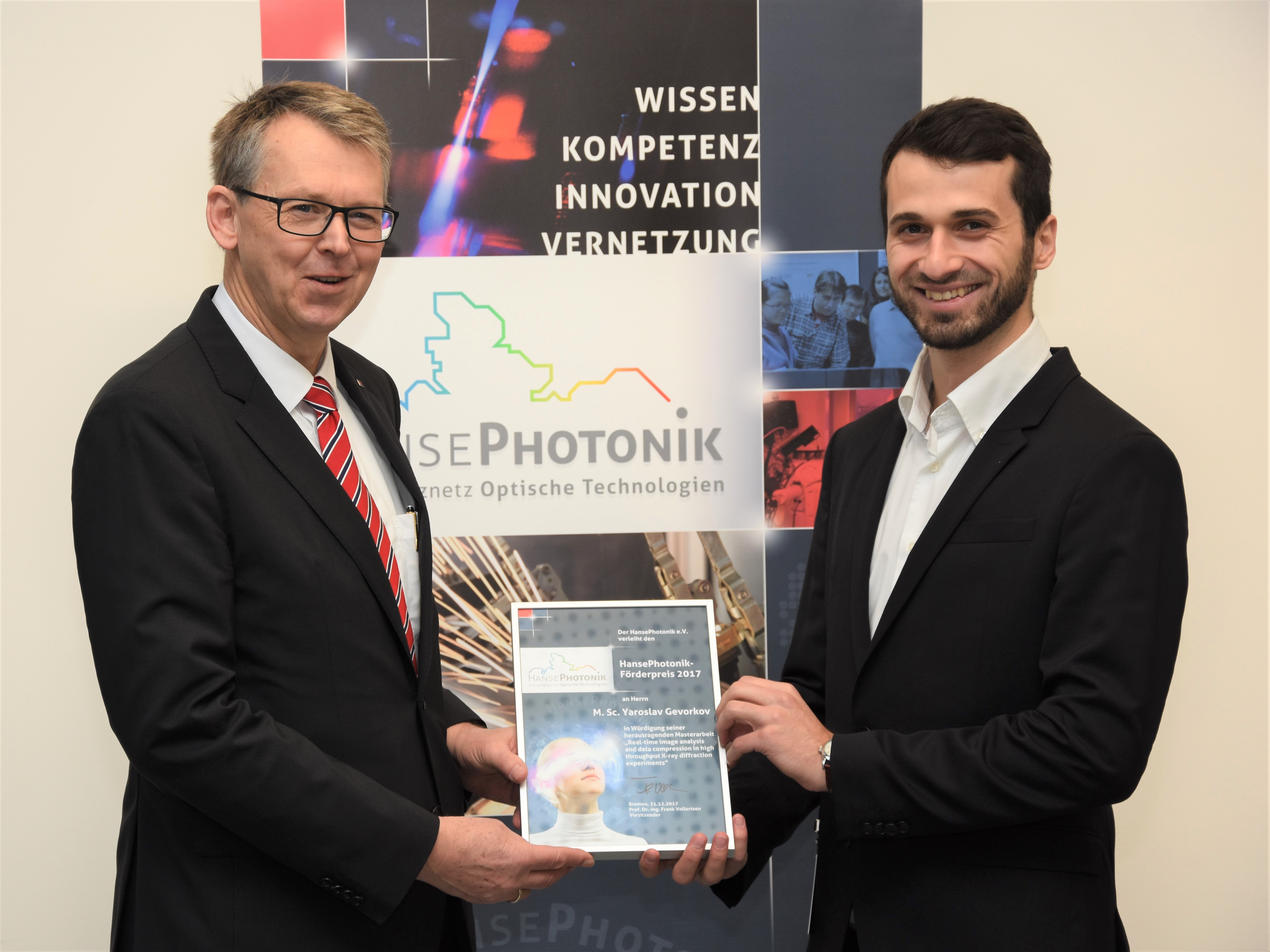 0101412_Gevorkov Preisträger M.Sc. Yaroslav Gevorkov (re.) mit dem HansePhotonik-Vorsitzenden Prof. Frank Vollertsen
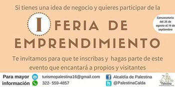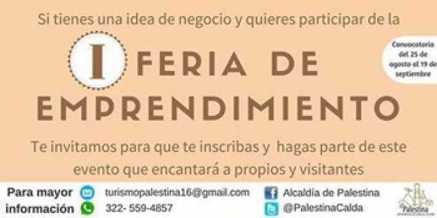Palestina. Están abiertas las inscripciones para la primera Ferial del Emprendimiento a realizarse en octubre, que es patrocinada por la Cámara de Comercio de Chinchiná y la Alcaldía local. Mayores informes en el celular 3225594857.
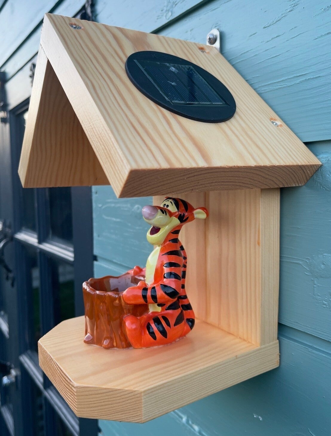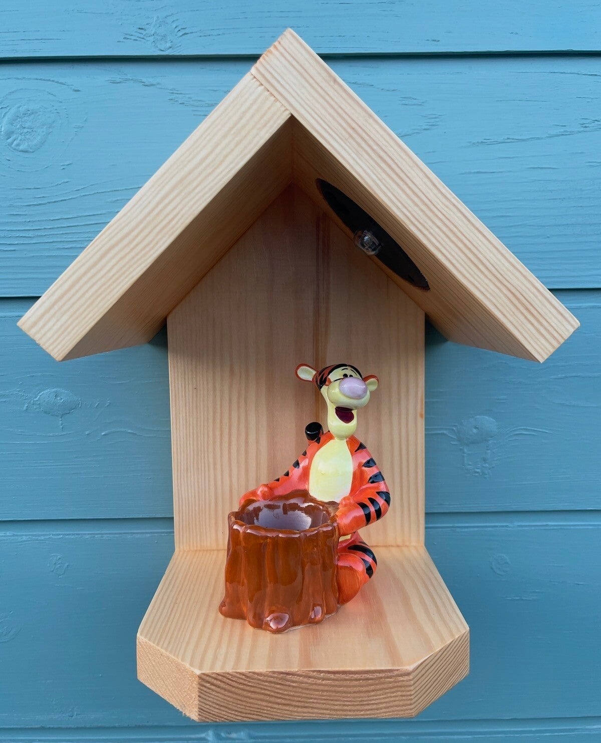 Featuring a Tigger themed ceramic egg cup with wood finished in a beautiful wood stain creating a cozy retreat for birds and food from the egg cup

--------

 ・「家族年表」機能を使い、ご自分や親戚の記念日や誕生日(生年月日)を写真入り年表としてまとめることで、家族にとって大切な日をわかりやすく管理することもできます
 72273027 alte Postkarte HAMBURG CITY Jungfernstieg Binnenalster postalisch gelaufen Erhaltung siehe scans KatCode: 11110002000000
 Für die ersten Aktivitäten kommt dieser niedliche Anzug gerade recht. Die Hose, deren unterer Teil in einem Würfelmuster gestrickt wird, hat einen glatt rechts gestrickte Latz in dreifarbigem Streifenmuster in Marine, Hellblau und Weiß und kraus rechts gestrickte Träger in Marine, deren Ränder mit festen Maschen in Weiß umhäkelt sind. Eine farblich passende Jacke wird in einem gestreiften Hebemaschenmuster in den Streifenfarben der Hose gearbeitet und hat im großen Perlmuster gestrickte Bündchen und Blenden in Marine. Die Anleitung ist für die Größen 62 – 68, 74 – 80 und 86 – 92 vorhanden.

--------

• [Goal of the exercise]:
Could you write out exactly the lines of the data above that run from the one holding "0101412_Gevorkov Preisträger M.Sc." to the one holding "Featuring a Tigger", with both ends in and all pictures out?

• [Task solution]:
 0101412_Gevorkov Preisträger M.Sc. Yaroslav Gevorkov (re.) mit dem HansePhotonik-Vorsitzenden Prof. Frank Vollertsen
Palestina. Están abiertas las inscripciones para la primera Ferial del Emprendimiento a realizarse en octubre, que es patrocinada por la Cámara de Comercio de Chinchiná y la Alcaldía local. Mayores informes en el celular 3225594857.
 Featuring a Tigger themed ceramic egg cup with wood finished in a beautiful wood stain creating a cozy retreat for birds and food from the egg cup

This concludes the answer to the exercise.